Wunderbar und traurig zugleich
Petra Bohm | Posted 21/03/2011 | Belletristik | Keine Kommentare »Dieses amerikanische Romandebüt muss ich (leider) mit einer Vorwarnung empfehlen: Nicht von dem etwas kitschigen Cover und der titelgebenden verborgenen Sprache der Blumen abschrecken lassen: Dahinter verbirgt sich ein wirklich gutes Buch…
Irgendwie hatten wie einen Start mit Hindernissen – Vanessa Diffenbaugh und ich. Nicht nur die Programmleitung des Verlages sondern auch einige Buchhändlerinnen hatten diesen Roman ausdrücklich empfohlen:
»Gleich mit ihrem ersten Buch ist Vanessa Diffenbaugh ein berührender Roman über eine junge Frau gelungen, die in ihrer Sprachlosigkeit gefangen wäre, gäbe es nicht die verborgene Sprache der Blumen. Dieser Heldin, die so stachelig ist wie eine Distel und so zart wie eine Orchidee, kann man sich als Leser kaum entziehen. Ein modernes Schicksal verbunden mit einer alten, fast vergessenen Sprache, das macht den ungeheuren Reiz dieses Romans aus.«
Annette Weber, Programmleitung Droemer Belletristik
Aber dann kam alles erstmal ganz anders: Der erste Absatz der Leseprobe war mir zu blumig, die nächste Seite andererseits sprachlich auch wieder merkwürdig distanziert und ich befürchte, dass es einigen Leserinnen genauso gehen – und ihnen damit etwas ENTgehen – könnte… NICHT abschrecken lassen, schon wenige Seiten später fand ich mich mitten in einem ganz modernen Frauenroman, der sofort fesselt…
Und darum geht’s:
Victoria Jones kennt von Geburt an nur Waisenhäuser und Pflegefamilien. Wie ein Gegenstand wurde sie von einer Bleibe zur nächsten weitergereicht. Schon als Kind hat sie sich deshalb zu einer wortkargen, menschenscheuen Kratzbürste entwickelt. Einzig für Blumen interessiert sie sich, und für deren Sprache, die sie von der einzigen ihrer zahlreichen Pflegemütter, die sie wirklich geliebt hat, gelernt hat. Aber keine Angst, hier geht es nicht um sprechende Gewächse, wie der Titel vielleicht suggerieren mag, sondern um den Code, der schon im Mittelalter entstanden war, damit sich Liebende verschlüsselte Botschaften in Form von Blumen zuschicken konnten. Flieder steht z.B. für die gerade erst erwachende Liebe, Disteln (Überraschung!) stehen für „Misanthropie“, den Hass auf die Menschen, ebenso aber auch eine Prise getrocknetes Basilikum.

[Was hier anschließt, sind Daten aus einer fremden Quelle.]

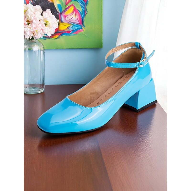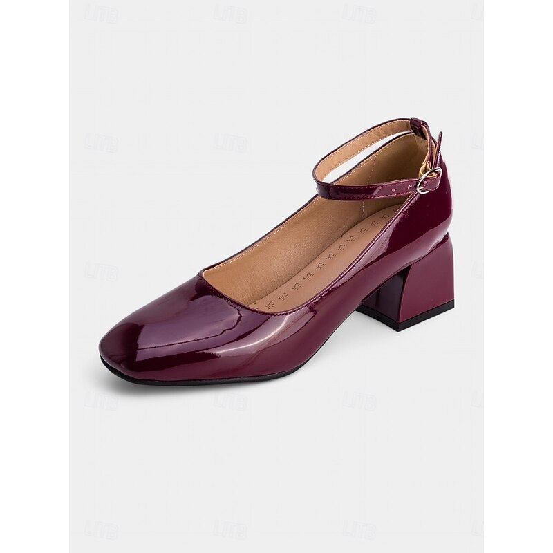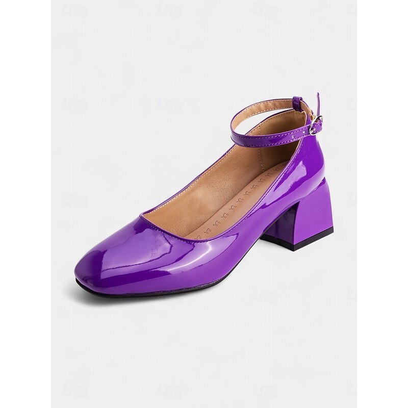 Women's Shiny Purple Patent Leather Mary Jane Heels – 1950s Retro Block Heel Pumps with Ankle Strap for Vintage Party, Wedding, and Prom 37
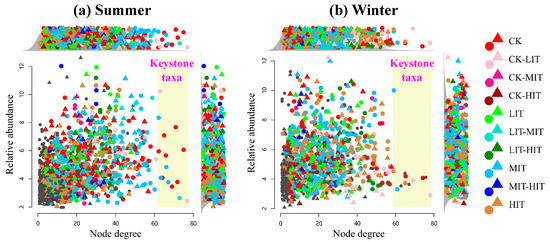 | Season | Number of Nodes | Number of Edges | Average Connectivity | Number of tsOTUs | Number of Keystones OTUs | |||||

Mit achtzehn Jahren – am Ende ihres Heimlebens – ist Victoria obdachlos und ganz auf sich allein gestellt – bis sie einen Job in einem kleinen Blumenladen findet. Durch ihre Begabung, die Sträuße auf ihre eigene Art zusammen zu stellen und zu binden, fragen die Leute immer wieder nach ihr. Auf dem Markt der Blumenhändler lernt sie Grant kennen, einen jungen Mann, über den sie erstaunt feststellt, dass er ebenfalls die Sprache der Blumen versteht. Gegen ihren Willen keimt in Victoria nach langer Zeit wieder Hoffnung – auf Liebe, auf eine Familie, auf ein Zuhause. Doch ihre Vergangenheit, ihre schmerzvollen Erinnerungen an Elizabeth, ihr Gefühl, nichts wert zu sein, holen sie immer wieder ein…
Die Autorin Vanessa Diffenbaugh ist Kunsterzieherin und Schriftstellerin. Sie ist 32 Jahre alt, verheiratet und hat zwei Kinder. Sie ist nicht nur künstlerisch, sondern auch sozial sehr engagiert. Diffenbaugh weiß, wovon sie schreibt: Sie hat bereits mehrfach Pflegekinder in ihre Familie aufgenommen und über längere Zeit betreut. Sie lebt mit ihrer Familie in Boston.